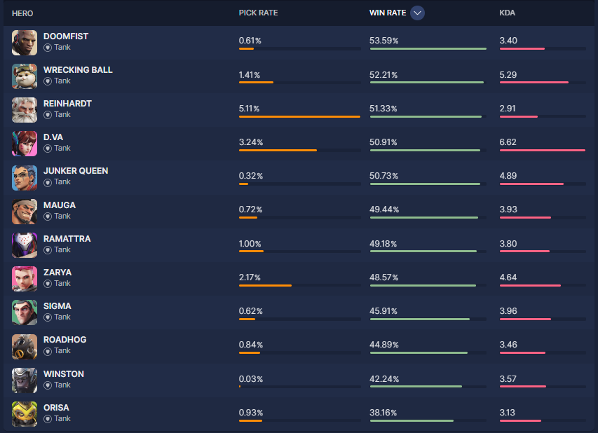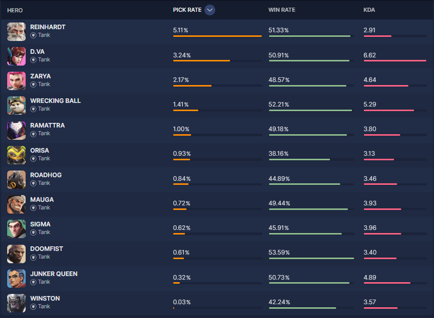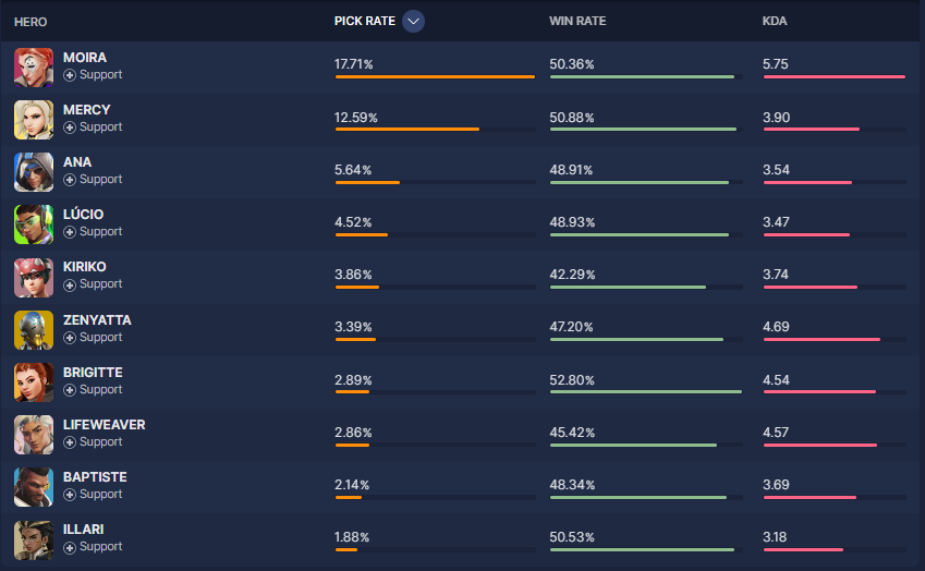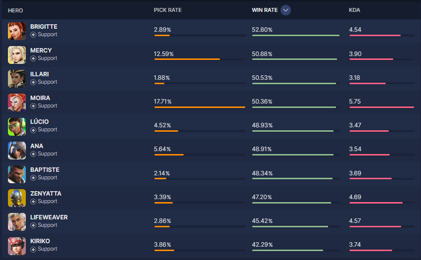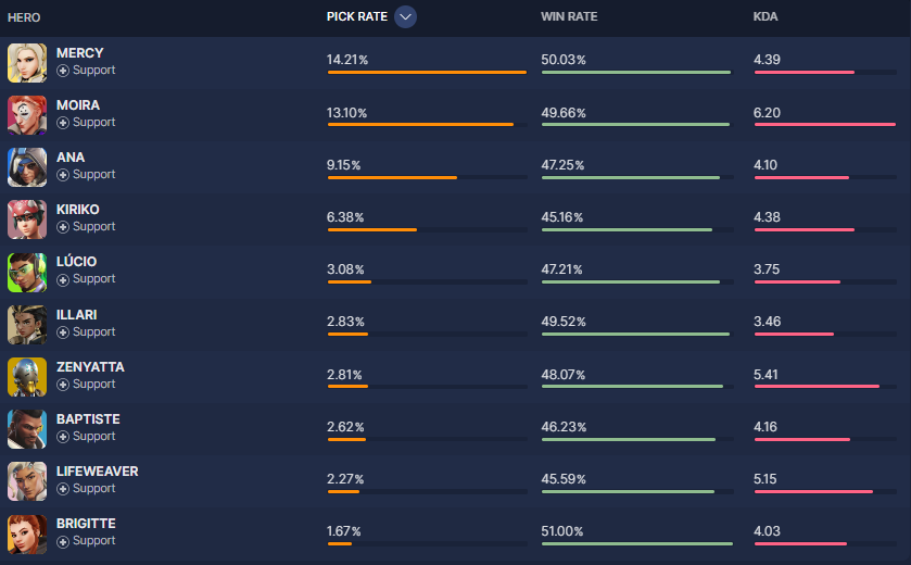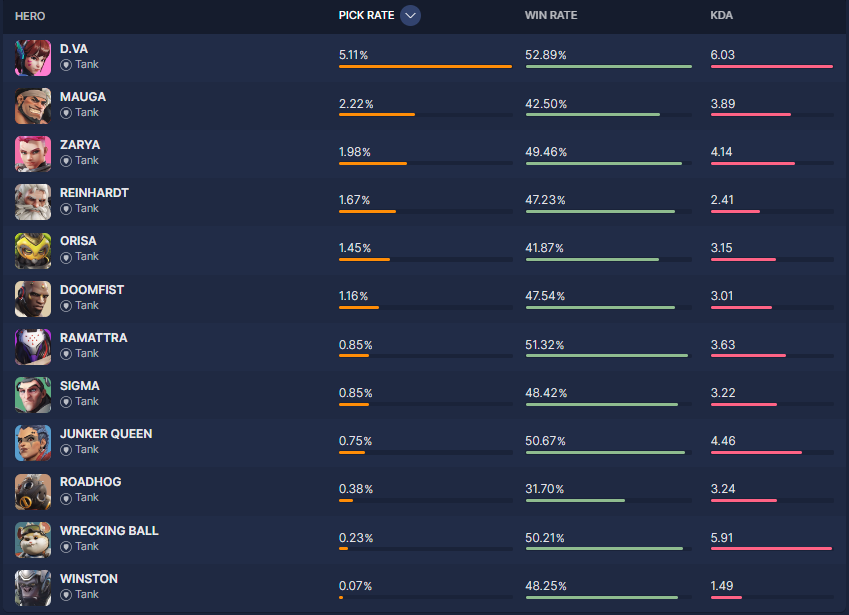 overbuff.comによると現在の『ヒーローの使用率及び勝率』は現在の下記の様になっているとの事です。
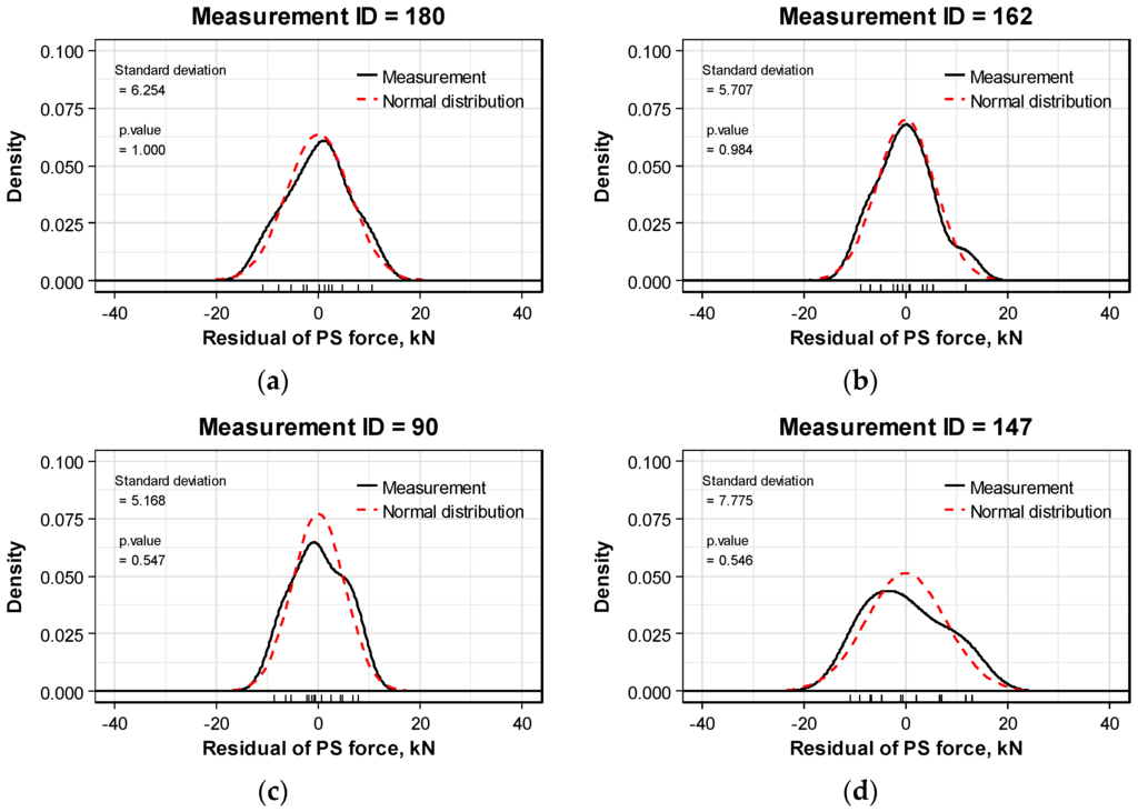 Since the histogram of the prestress force shown in Figure 6 may exhibit various distributions according to the level of the design prestress force, the prestress force per anchor head is decomposed as follows in order to exclude the influence of the design prestress force.
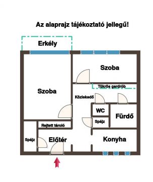 59 m²-es, 2 szobás- erkélyes ingatlan praktikus elosztásának köszönhetően kényelmes életteret biztosít.

→ PROBLEM DETAILS
From the first line above down to the line with "Since the histogram", reproduce every line and no others, omitting pictures.

→ ANSWER TO THIS PROBLEM
 overbuff.comによると現在の『ヒーローの使用率及び勝率』は現在の下記の様になっているとの事です。
 Since the histogram of the prestress force shown in Figure 6 may exhibit various distributions according to the level of the design prestress force, the prestress force per anchor head is decomposed as follows in order to exclude the influence of the design prestress force.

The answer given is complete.